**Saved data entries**
=== Section Start ===
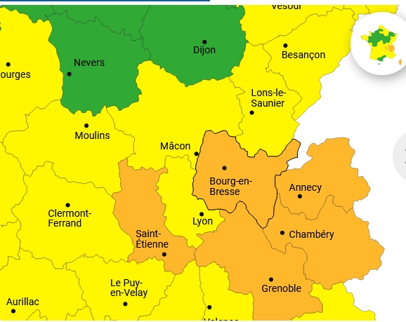 On note également la possibilité de neige à basse altitude dans la Bresse en début de journée de samedi.
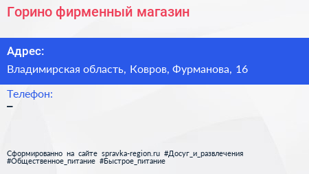 Горино, фирменный магазин по адресу Владимирская область, Ковров, Фурманова, 16 в дальнейшем Организация, размещена в следующих категориях:
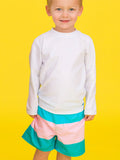 Complete your boy's summer swim outfit with these Swim Trunks. With its inner mesh lining and adjustable drawstrings on the inside, not only will he look good but feel good, too. Made with UPF 50+ sun protective fabric for all day protection and comfort. A classic colorblock, perfect on its own or for coordinating with our Pool Party collection! Pairs perfectly with Pink and Bright Aqua. Care Instructions: Machine wash cold with like colors; do not bleach; do not iron; line dry in shade Fabric Content: 100% Polyester
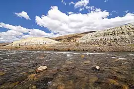 - Parte del montículo norte del relave al lado del río Santa, vista hacia el noroeste.
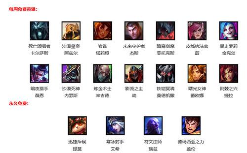 人民网北京1月17日电 (董思睿)《英雄联盟》官方公布了1月18日免费英雄,于当日10点左右更换每周免费英雄。新玩家们会发现就算你没有买英雄,在游戏中也有17个免费英雄可以使用。
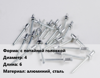 Заклепка с потайной головкой 4х6 алюминий, сталь
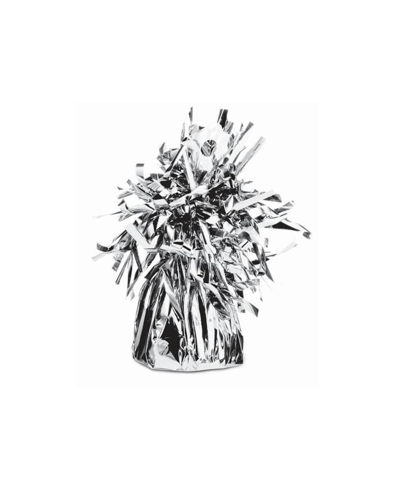 Závažie na udržanie viacerých balónikov naplnených héliom v striebornej farbe.
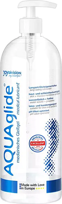 JOYDIVISION AQUAGLIDE 1L este un lubrifiant anal pe bază de apă, ideal pentru o experiență fluidă. Este compatibil cu prezervativele și jucăriile erotice.
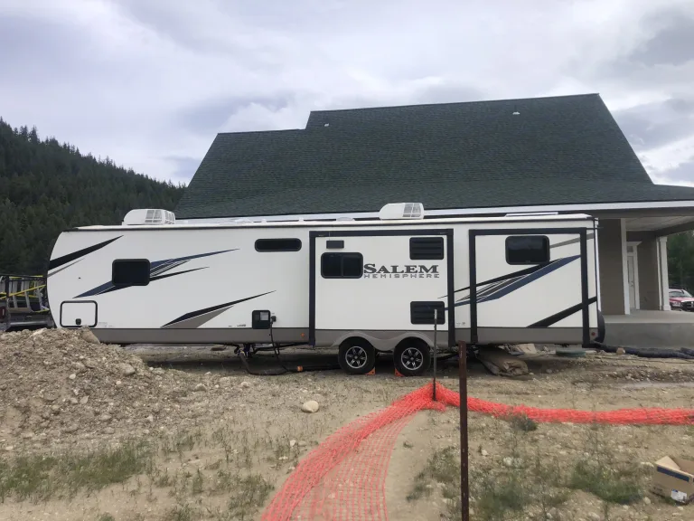This wonderful camper sleeps 7 people comfortably with room to spare. It has a full kitchen, dining area, and living room to make camping a breeze. The large bathroom makes camping comfortable even in those uncomfortable situations. Double air conditioners keep you cool in the summer but also comes with a beautiful fireplace that puts out lots of heat, on top of a furnace should you need to stay toasty warm! Pets are welcome and it is a children’s paradise! Hope you enjoy our great trailer!
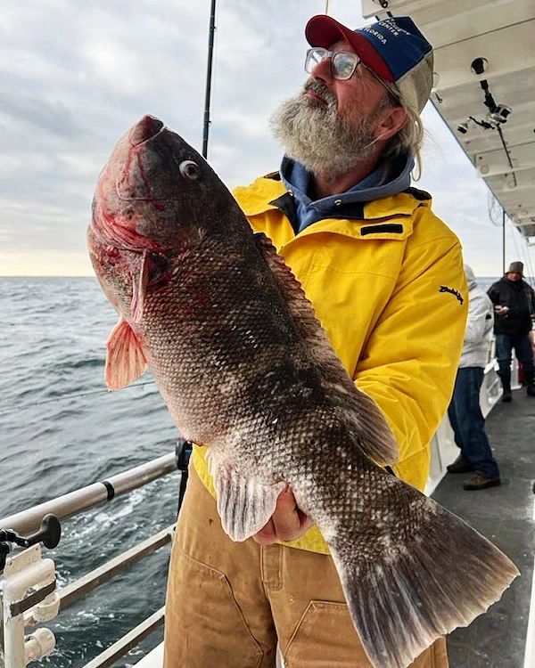Regular customer Don O’Neil caught a real trophy on Capt. Ryan Bogan’s Jamaica II from Brielle after an 11.7-pound blackfish hit his whitelegger crab bait.
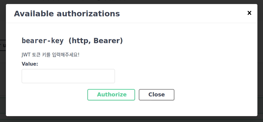 Authorize 버튼을 클릭하면 인증 키 (내 프로젝트의 경우 JWT access token)를 입력할 수 있다.
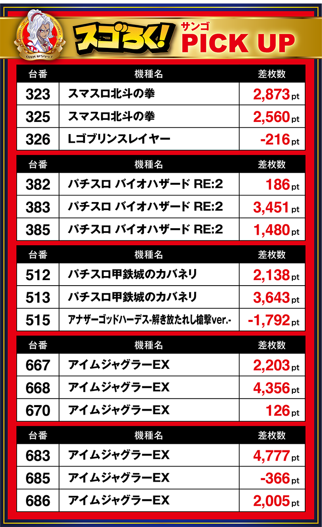 選んだ台はどれも結果がよく、383番台は3,451pt、385番台は1,480ptを記録。
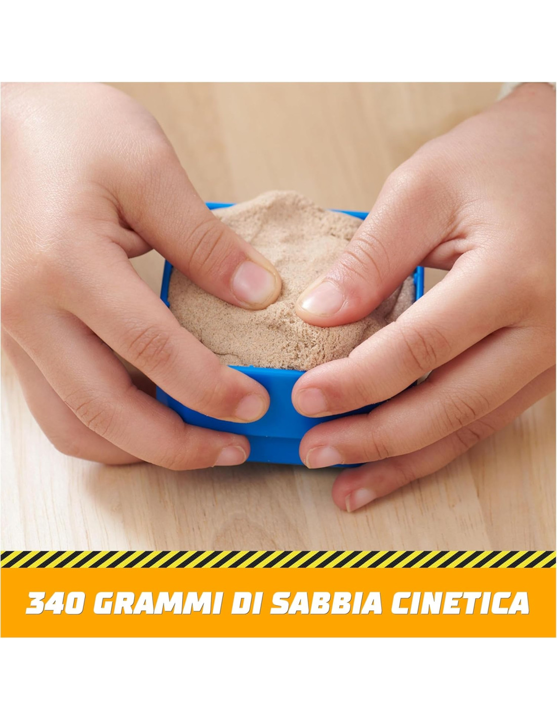 RIVIVI LE AVVENTURE DELLA SERIE RUBBLE & CREW: con i 340 g di sabbia Kinetic Sand, i bambini possono divertirsi a creare i mattoni, poi con la gru li possono sollevare e spostare nella zona di lavoro
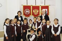 Учащиеся 1 "В" и 5 "Б" класса вместе с классным руководителем посетили с экскурсией Центр семьи Казани. В увлекательной форме о Дворце бракосочетаний рассказала Главный специалист Гузель Мухутдинова. Совместно с учащимися она провела показательную церемонию брака, где в роли жениха и невесты были сами малыши - первоклашки.
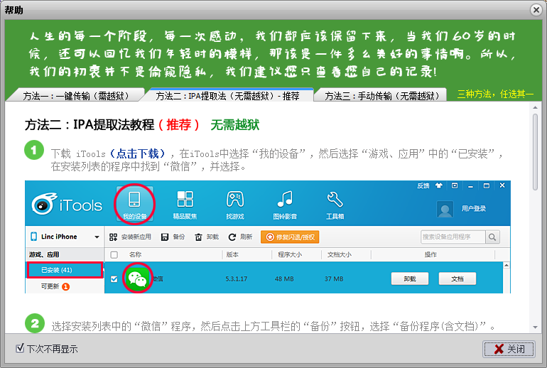 软件提供三种方法供用户选择,任选其一即可,点击软件上方的帮助菜单按钮即可查看到三种详细方法!
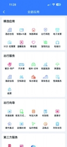 1.打开铁路12306App或者微信小程序,在首页中部应用处往左滑,找到“全部应用”→“精选应用”,点击“轻装行”模块。
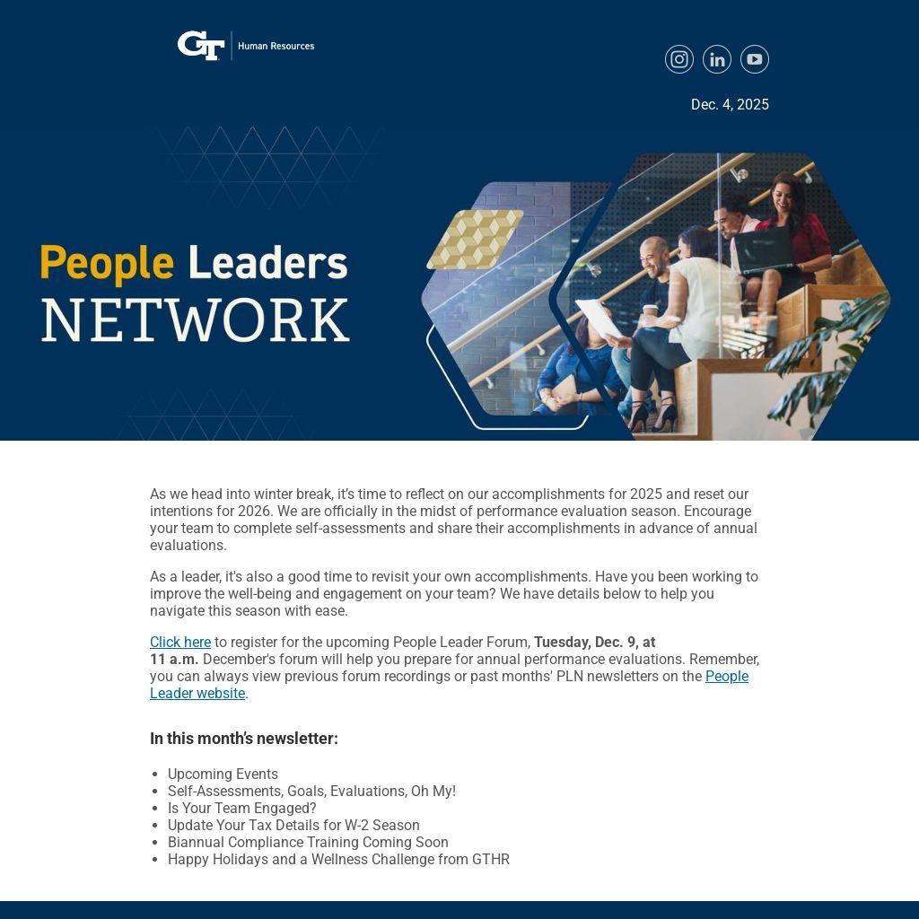 Click here to register for the upcoming People Leader Forum, Tuesday, Dec. 9, at 11 a.m. December's forum will help you prepare for annual performance evaluations. Remember, you can always view previous forum recordings or past months' PLN newsletters on the People Leader website.
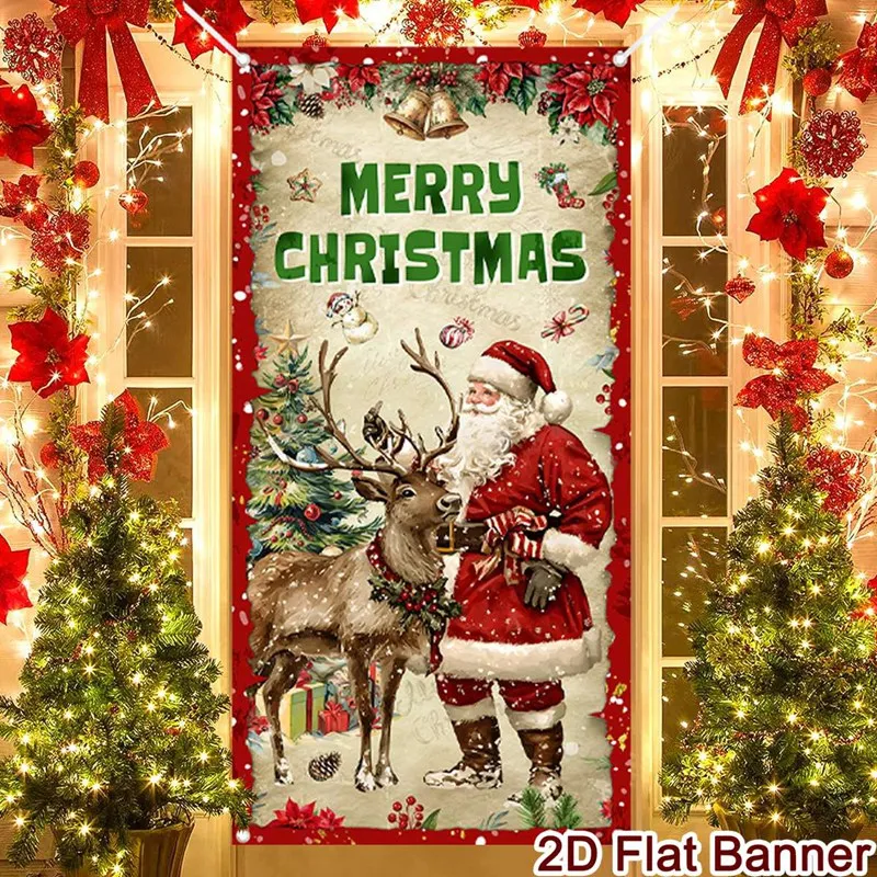 Christmas Hanging Flag Santa Claus Door Banner Christmas Decoration For Home 2025 Xmas Ornament Navidad Natal New Year Gift 2026
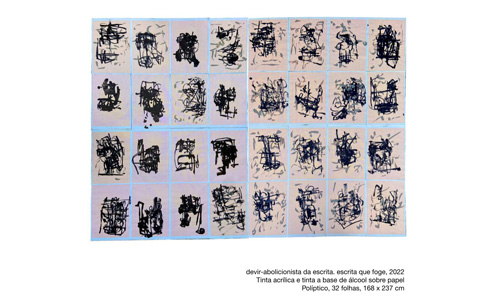 Assim, os pensamentos de Gilles Deleuze e Félix Guattari se conectam aos traços-texto que compõem as criações de Cab. O resultado são trabalhos diversos entre pinturas, desenhos e objetos escultóricos, em diferentes plataformas: telas, papéis, aço, textos e performances que serão observadas exclusivamente pela luz natural do espaço.
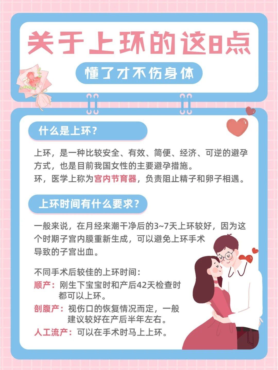 5、上环的最佳时间根据具体情况有所不同剖腹产后如果女性在剖腹产手术后想要通过上环来避孕,最佳时间是在剖腹产后半年,但必须确保没有怀孕人工流产后对于行人工流产终止妊娠的女性,如果不再有生育要求,上环的最佳时间通常是在人工流产后立即放置,可以与人流手术一起进行同房后如果在同房的时候;如今,许多女性选择使用避孕环作为避孕方式,尽管上环手术操作简便且避孕效果显著,但该方法仍可能对女性身体造成一定伤害为了最大限度地减少这种伤害并提升避孕效果,选择恰当的上环时机至关重要首先,月经结束后的7天内是理想的上环时间此时,子宫内膜处于生长阶段,上环导致的轻微损伤能够迅速恢复此外。
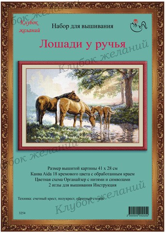 Вышитая картина: Лето. Тихое утро. У ручья мы видим редкую и удивительно живую картину – семья лошадей пришла на водопой. Маленький рыжий жеребенок следует за родителями. Гнедой конь положил голову на спину своей подруге. Он внимательно смотрит и охраняет семью. Пейзаж вокруг выполнен полукрестом. Для смешанных тонов прилагается специальный диспенсер. Дополнительные стежки, делающие картину такой прорисованной, выполнены обратным стежком. В работе использовано 38 цветов мулине.
=== Section End ===
**Task instructions**
While skipping the pictures, transcribe the data above from the line showing "RIVIVI LE AVVENTURE" through the line showing "1.打开铁路12306App", exactly and with both ends.

**Result**
 RIVIVI LE AVVENTURE DELLA SERIE RUBBLE & CREW: con i 340 g di sabbia Kinetic Sand, i bambini possono divertirsi a creare i mattoni, poi con la gru li possono sollevare e spostare nella zona di lavoro
 Учащиеся 1 "В" и 5 "Б" класса вместе с классным руководителем посетили с экскурсией Центр семьи Казани. В увлекательной форме о Дворце бракосочетаний рассказала Главный специалист Гузель Мухутдинова. Совместно с учащимися она провела показательную церемонию брака, где в роли жениха и невесты были сами малыши - первоклашки.
 软件提供三种方法供用户选择,任选其一即可,点击软件上方的帮助菜单按钮即可查看到三种详细方法!
 1.打开铁路12306App或者微信小程序,在首页中部应用处往左滑,找到“全部应用”→“精选应用”,点击“轻装行”模块。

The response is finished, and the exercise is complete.